Oben im Bild vorne ein Nachbau, hinten ein Original. Die Gewindestangen sind wie beim Original aus Messing, die Kurbeln sind aus Draht geformt. Die winzigen Muttern sind für die Nachbauten aus 1,2 mm Muttern zurechtgefeilt, die Rollen aus jeweils 3 Polyscheiben gebaut. Insgesamt musste ich zwar nur 6 von 20 Davits nachbauen, allerdings waren es 5 verschiedene! Und auch alle anderen mussten ziemlich aufwändig gesäubert, repariert und teilweise ergänzt werden.

Von den Davits zu den Booten. Bis auf eines waren sie alle vom Bootsdeck gefegt; erstaunlicherweise waren aber im Gegensatz zu den Davits alle bis auf eines noch vorhanden.

Es waren insgesamt 24 Boote. Wie die Davits hatten sie unter den laienhaften Umlackierungen besonders gelitten. Zu dritt durften sie schon kurz nach der Demontage des Models in den geschlossenen Aceton-Wellness-Pool:

Dabei stellte sich heraus, dass sie vermutlich zunächst weiß, dann schwarz und dann wieder weiß übermalt worden waren. Das deckt sich mit Fotos des Originals in seinen verschiedenen Epochen.

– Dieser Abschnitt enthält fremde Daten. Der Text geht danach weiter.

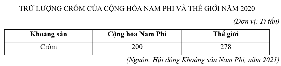 Căn cứ vào bảng số liệu trên, hãy cho biết trữ lượng khoáng sản crôm của Cộng hòa Nam Phi so với thế giới năm 2020 là bao nhiêu phần trăm (làm tròn kết quả đến số thập phân thứ hai)

Ich habe die Boote zunächst mehrmals geschliffen und grundiert, schon um besser sehen zu können, wo sie vor der letzten Lackierung noch ausgebessert werden mussten. Die meisten zeigten schlimme Macken, vermutlich beim Kontakt mit den Davits entstanden. So sah das noch ganz gut aus:

Beim näheren Hinsehen zeigte sich jedoch, was noch alles zu tun war:

Bild 168

Aber irgendwann war es geschafft:

Jedes der Boote wurde schließlich dreimal grundiert (mit Zwischenschliff) und zweimal lackiert. Die kleinen Ösen sind aus Draht gebogen. Von den Stützen, auf denen die Boote stehen, war kein einziges Original mehr enthalten. Ich musste daher eines entwerfen, eine Form bauen und über 50 mal abgießen. Dann wurden die Stützen an die Boote geklebt und lackiert.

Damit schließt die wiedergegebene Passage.